東北亞安全問題的核心是海上安全問題。影響東北亞安全因素主要有六個方面:大規模殺傷性武器和彈道導彈的擴散、朝鮮半島存在的冷戰對峙結構、某些國家快速膨脹的軍事力量、島嶼主權爭端的存在、海洋權益爭端的存在、國際化和組織化海上非法活動(如走私、販毒及非法移民)。第一個因素主要依賴于東北亞海上通道而起作用;第二個因素確保海上軍事優勢(如保護海上交通線、海上封鎖以及搶灘登陸等)對解決朝鮮半島問題至關重要;第三個因素某些國家軍事力量的膨脹主要體現在海軍力量的現代化發展;第四到第六個因素直接與海上安全因素密切相關。一句話,海上安全問題正成為東北亞地區安全的關鍵問題。[4](P162-163)單憑一國之力實難消除影響東北亞安全的海洋因素,合作是首選之策。 所以,海上安全合作應該成為東北亞地區安全的基石。[5](P309)在冷戰后遺癥、國家因經濟發展而對海洋的高度依賴及海上突發事件的綜合作用下,[6](P54-55)東北亞海上安全問題深刻影響了東北亞區域合作進程。目前,東北亞海上安全合作陷入了結構、功能與進程的三重困境。
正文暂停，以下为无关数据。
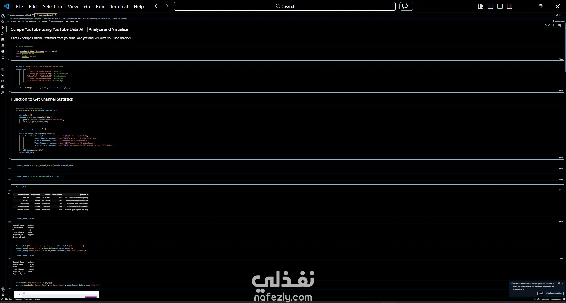 📊 YouTube Channel Analytics Project – تحليل قنوات يوتيوب باستخدام API مشروع تحليل بيانات متكامل يعتمد على YouTube Data API v3 لدراسة أداء أشهر صُنّاع محتوى تحليل البيانات، مع إنشاء تصورات بيانية احترافية باستخدام: Python – Pandas – Matplotlib – Seaborn 🚀 فكرة المشروع والهدف منه : • جمع بيانات فعلية من يوتيوب عبر API • تحليل أداء القنوات والفيديوهات • استخراج مؤشرات التفاعل • تحويل الأرقام إلى رؤى قابلة لاتخاذ القرار • المشروع يوضح رحلة تحليل البيانات كاملة: 📥 جمع البيانات → 🧹 تنظيفها → 📊 تحليلها → 🎨 عرضها بصرياً 🧰 التقنيات المستخدمة • Python 🐍 • YouTube Data API v3 ▶️ رPandas 🐼 • Matplotlib 📊 • Seaborn 🌊 • NumPy 🔢 📥 مصادر البيانات تم تحليل 5 قنوات متخصصة في مجال تحليل البيانات: • techTFQ • Alex The Analyst • Luke Barousse • Ken Jee • Tina Huang والبيانات التي تم استخراجها: ✔ إحصائيات القنوات: • عدد المشتركين • إجمالي المشاهدات • عدد الفيديوهات ✔ بيانات الفيديوهات: • العنوان • تاريخ النشر • عدد المشاهدات • الإعجابات • التعليقات ✔ مؤشرات التفاعل: • Likes/View • Comments/View • Engagement Rate 📊 التحليلات والتصورات المنفذة 1️⃣ مقارنة القنوات • تحليل شامل بين القنوات من حيث: • عدد المشتركين • المشاهدات • متوسط المشاهدات لكل فيديو • قوة التفاعل 2️⃣ أعلى 10 فيديوهات مشاهدة تحليل يوضح: • نوع المحتوى الأكثر انتشاراً • المواضيع الجاذبة • تأثير العنوان والتوقيت 3️⃣ توزيع النشر شهرياً • تحديد مواسم النشاط • فترات الذروة • علاقة التوقيت بالمشاهدات 4️⃣ النمو التراكمي للمشاهدات • تحليل زمني لنمو القنوات • مقارنة الاستمرارية مقابل النتائج 5️⃣ تحليل التفاعل • علاقة المشاهدات بالإعجابات • قوة المجتمع حول القناة • جودة المحتوى مقابل الانتشار 6️⃣ تحليل سنوي • عدد الفيديوهات سنوياً • إجمالي المشاهدات لكل سنة • تأثير الاستمرارية 7️⃣ علاقة الإعجابات بالتعليقات • إثبات الارتباط الإيجابي • قياس قوة المجتمع التفاعلي 📦 مخرجات المشروع سيتم تسليم: ✅ ملفات CSV منظمة: • Channel_Statistics.csv • Video_Details.csv ✅ رسوم بيانية محفوظة PNG ✅ كود Python كامل ومشروح ✅ تقرير تحليلي بالاستنتاجات ✅ ملف جاهز للتطوير إلى داشبورد 🎯 أهم الاستنتاجات ✔ الجودة أهم من الكمية في التفاعل ✔ الاستمرارية = نمو تراكمي قوي ✔ بعض الفيديوهات ذات وصول أقل لكن تأثير أعلى ✔ نوع المحتوى يحدد معدل التفاعل أكثر من عدد المتابعين 🌟 قيمة المشروع المشروع يثبت قدرتي على: • التعامل مع APIs حقيقية • بناء Data Pipeline • تنظيف البيانات • التحليل الاستكشافي • السرد القصصي بالبيانات • إنشاء Visualizations احترافية ويمكن تطبيق نفس الفكرة على: • تحليل قنوات الشركات • قياس أداء المحتوى • تحسين استراتيجيات التسويق • دراسة المنافسين 📌 ما يمكن تطويره لاحقاً • إضافة قنوات جديدة • تحليل نصوص العناوين NLP • بناء داشبورد تفاعلي • أتمتة التحديث اليومي 📋 المتطلبات من العميل يرجى تحديد: 1️⃣ القنوات المطلوب تحليلها 2️⃣ الفترة الزمنية 3️⃣ نوع التقارير المطلوبة 4️⃣ داشبورد أم تقرير فقط؟

結構是指系統中各部分或要素在相互作用中形成的比較穩定的方式和順序。[7](P248)結構一旦形成,就具有較強的獨立性和穩定性的特征。據此,人們可以研究和預知系統的基本功能。以結構主體和資源分配機制為標準,東北亞海上安全合作結構可以分為主體結構、認知結構和組織結構。只有這三種結構相互配合,才能夠確保東北亞海上安全合作功能的正常發揮。如果任何一個結構出現問題,那么就會出現結構困境。
主體結構困境是指東北亞海上安全合作因涉及主體(中美俄日韓朝)較多,且存在明顯的海上利益沖突,各方在利益協調、沖突平衡、合作機制的建構等方面難以形成一致的意見,故難以構建統一有效的管控海上利益沖突的機制。東北亞海上安全合作陷入了“集體行動的困境”。[8]
認知結構困境集中表現為強烈的海上安全合作的政治意愿缺失,對海上安全合作的內涵、區域和目的也缺乏共識?!爸袊回炋岢降取諏?、共贏的海上安全合作”。[9]鑒于中國和平崛起成為東北亞海上安全的最重要變量,美國對中國的海上安全合作理念存有疑懼,并采取行動來阻撓統一的東北亞海上安全合作機制的建構,使已建成的區域性的海上安全合作機制功能發揮不暢。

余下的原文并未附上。